DATASET RECORDS
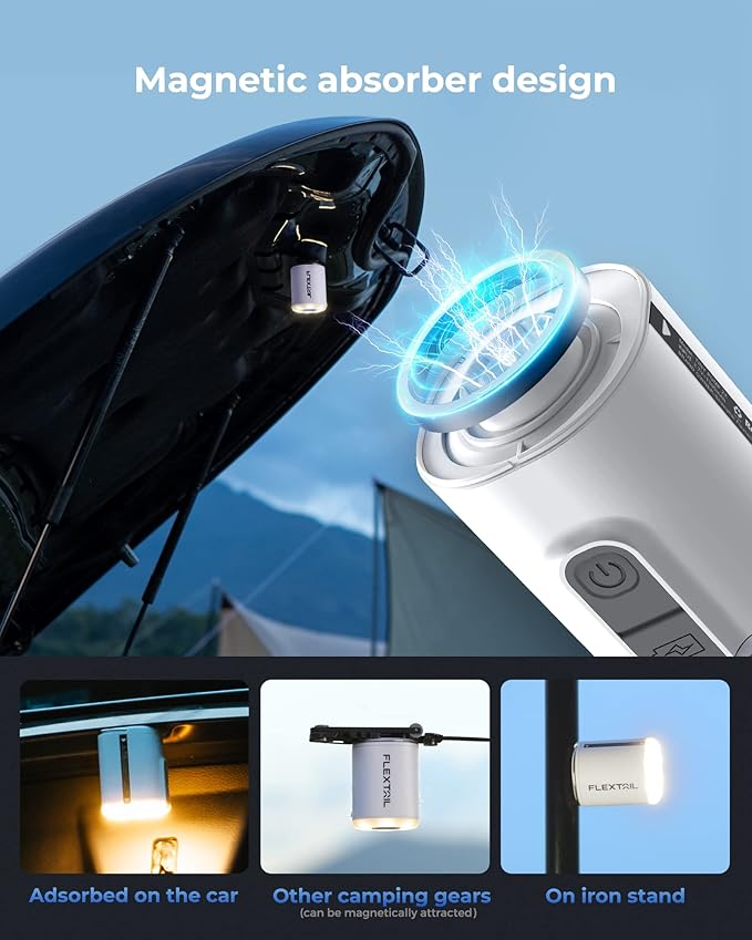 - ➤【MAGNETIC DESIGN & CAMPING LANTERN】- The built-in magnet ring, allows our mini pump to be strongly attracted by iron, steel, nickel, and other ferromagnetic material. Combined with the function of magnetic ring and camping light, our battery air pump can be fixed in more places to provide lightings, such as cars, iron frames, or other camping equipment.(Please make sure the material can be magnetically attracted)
==
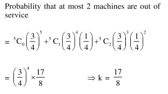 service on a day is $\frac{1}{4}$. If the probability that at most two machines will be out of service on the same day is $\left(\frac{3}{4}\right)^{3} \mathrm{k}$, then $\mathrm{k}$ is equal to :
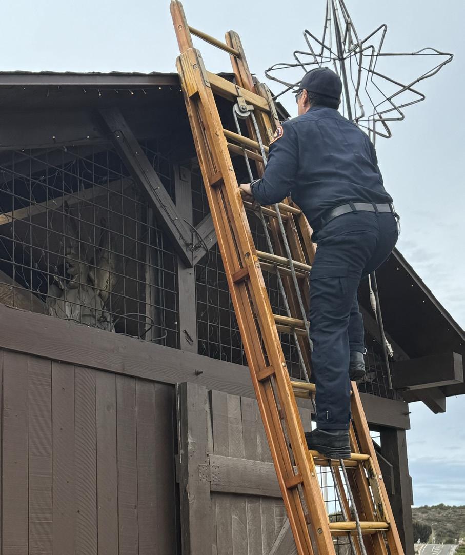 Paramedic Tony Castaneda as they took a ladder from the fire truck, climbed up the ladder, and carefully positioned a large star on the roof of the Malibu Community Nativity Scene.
---
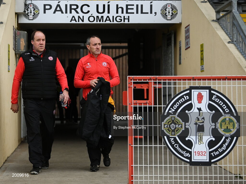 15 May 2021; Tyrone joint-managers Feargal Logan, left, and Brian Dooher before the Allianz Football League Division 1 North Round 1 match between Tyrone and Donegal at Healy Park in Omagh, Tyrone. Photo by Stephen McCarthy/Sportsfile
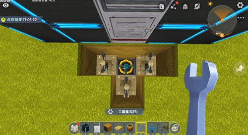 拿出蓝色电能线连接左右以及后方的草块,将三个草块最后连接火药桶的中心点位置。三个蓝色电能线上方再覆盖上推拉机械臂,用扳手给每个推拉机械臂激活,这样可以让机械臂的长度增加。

DIRECTIONS FOR THIS TASK
Among the entries above, copy exactly the stretch from the line holding "service on a" through the line holding "Paramedic Tony Castaneda", leaving out any pictures.

TASK ANSWER
 service on a day is $\frac{1}{4}$. If the probability that at most two machines will be out of service on the same day is $\left(\frac{3}{4}\right)^{3} \mathrm{k}$, then $\mathrm{k}$ is equal to :
 Paramedic Tony Castaneda as they took a ladder from the fire truck, climbed up the ladder, and carefully positioned a large star on the roof of the Malibu Community Nativity Scene.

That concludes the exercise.